Hopefully the last push-out of the year

By now I know a bit better than taking the lack of serious regression reports during the holiday weekend as a sign of perfection of the upcoming release, but I will tag 1.7.9-rc0 soonish anyway. As far as I can see, the tip of 'master' branch is now feature complete for 1.7.9, modulo possible bugs and regressions, of course.

We've done quite a lot during this short cycle leading to 1.7.9 and hopefully we can use the next few weeks squashing any regressions, preparing for a solid release by the end of January 2012 (Knock wood...).

A big Thank-you for all the contributors and testers.

Wednesday, December 21, 2011


The latest maintenance release Git is available.  Note that this
is not a release with new features (upcoming 1.7.9 is expected to be
released late January next year to include the pulling of signed tags and
other goodies).

Please upgrade to get the accumulated bugfixes since 1.7.8 release from:

and their SHA-1 checksums are:

198e23e6e50245331590a6159ccdbdbe1792422c  git-
8f674dba39d9ae78928abfe9d924b0855e283e98  git-htmldocs-
b49ce0b4da4f85671693c9b2c6f6a8b8ee65c809  git-manpages-

  • In some codepaths (notably, checkout and merge), the ignore patterns recorded in $GIT_DIR/info/exclude were not honored. They now are.
  • "git apply --check" did not error out when given an empty input without any patch.
  • "git archive" mistakenly allowed remote clients to ask for commits that are not at the tip of any ref.
  • "git checkout" and "git merge" treated in-tree .gitignore and exclude file in $GIT_DIR/info/ directory inconsistently when deciding which untracked files are ignored and expendable.
  • LF-to-CRLF streaming filter used when checking out a large-ish blob fell into an infinite loop with a rare input.
  • The function header pattern for files with "diff=cpp" attribute did not consider "type *funcname(type param1,..." as the beginning of a function.
  • The error message from "git diff" and "git status" when they fail to inspect changes in submodules did not report which submodule they had trouble with.
  • After fetching from a remote that has very long refname, the reporting output could have corrupted by overrunning a static buffer.
  • "git pack-objects" avoids creating cyclic dependencies among deltas when seeing a broken packfile that records the same object in both the deflated form and as a delta.
 Also contains minor fixes and documentation updates.
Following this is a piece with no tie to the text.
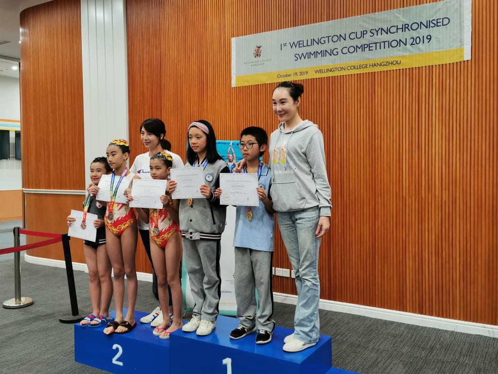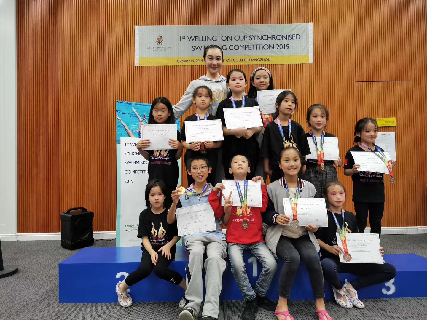 10月19日,平直实小花游队前往杭州参加惠灵顿杯花样游泳邀请赛。

Tuesday, December 20, 2011

"Pulling signed tag" is already in use in the field

[update: with finishing touches, this will be part of 1.7.9 release]

One of the more important features we wanted to have for the next release of Git (1.7.9) is to support a workflow where a pull request for a signed tag is sent to the integrator and git pull in response to the request automatically verifies the GPG signature embedded in the signed tag. See this for the background.
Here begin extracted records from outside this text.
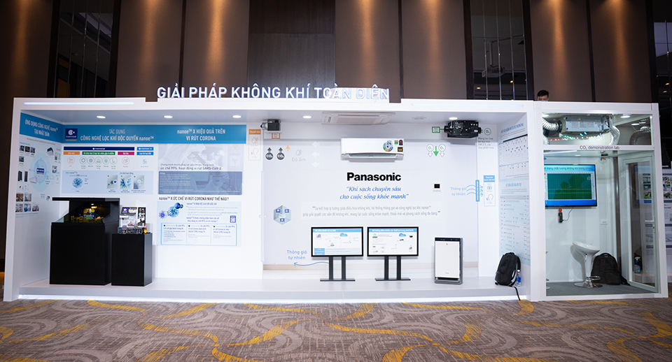 Ở giải pháp khí sạch, Panasonic có công nghệ độc quyền nanoe X được ứng dụng trên các sản phẩm điều hòa và máy lọc không khí cho các tòa nhà văn phòng, khách sạn, phòng khám và nhà ở. Nanoe là công nghệ phóng điện đa cực, tập trung phóng điện vào 4 điện cực hình kim, giải phóng các ion hydroxit (OH) tự do. Những ion này giúp hấp thụ hydro, những yếu tố gây ô nhiễm và ức chế hoạt động của virus, đồng thời loại bỏ phần tử ô nhiễm bay lơ lửng, bao gồm cả bụi mịn cỡ PM2.5 cũng như khử mùi hôi, ngăn ngừa các tác nhân gây dị ứng.
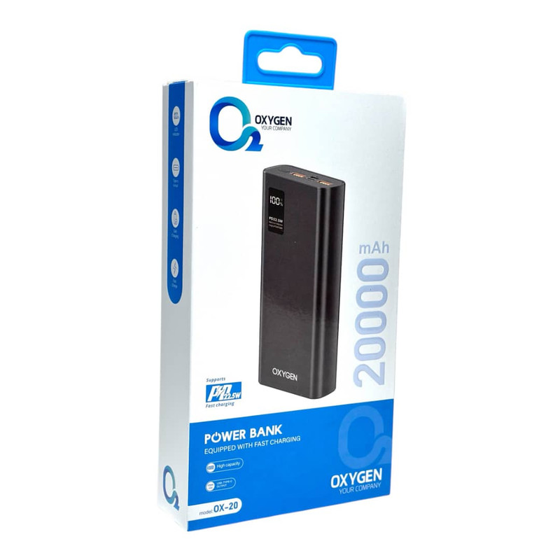 سازگار با پاوربانک Oxygen مدل OX‑20 (Fast Charge PD 22.5W، ظرفیت ۲۰۰۰۰ میلیآمپرساعت)، یک پاوربانک پرظرفیت با قابلیت شارژ سریع USB Power Delivery است که تقریباً با هر دستگاه USB سازگار است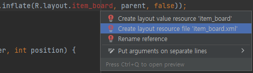 그러면 이렇게 item_board에 빨간줄이 뜨는데 Alt + Enter를 눌러서 xml을 생성해주면 된다.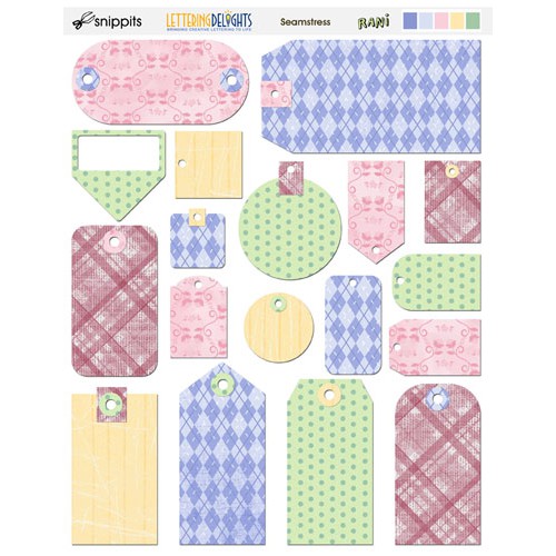 Download this colorful full-sized sheet of printable tags, in argyle, plaid, and polka dot designs. These round and rectangular tags are great for scrapbook embellishing and journaling. Add matching ribbon and eyelets, and tie it on to a gift. You'll find all sorts of uses for these clever, creative tags.

Earlier, a typical pull request was for a branch name in the publishing repository of a contributor, and worse yet, the default request message created by the git request-pull command did not even mention what commit to expect as the result of a requested pull, which meant that it was unnecessarily hard to make sure what was pulled was genuinely what the contributor had produced for the integrator and for third-party auditors.

This feature has been cooking in the next branch of the Git project for a while, and recently graduated to the master branch to become part of the upcoming release. Linus has been using the in-development verison, and I learned that he made a commit (2240a7b (Merge tag 'tytso-for-linus-20111214' of git://, 2011-12-14)) that pulls a signed tag in response to a pull request from Ted several days ago already!

It always is satisfying to see that the result of our hard work is used in the field.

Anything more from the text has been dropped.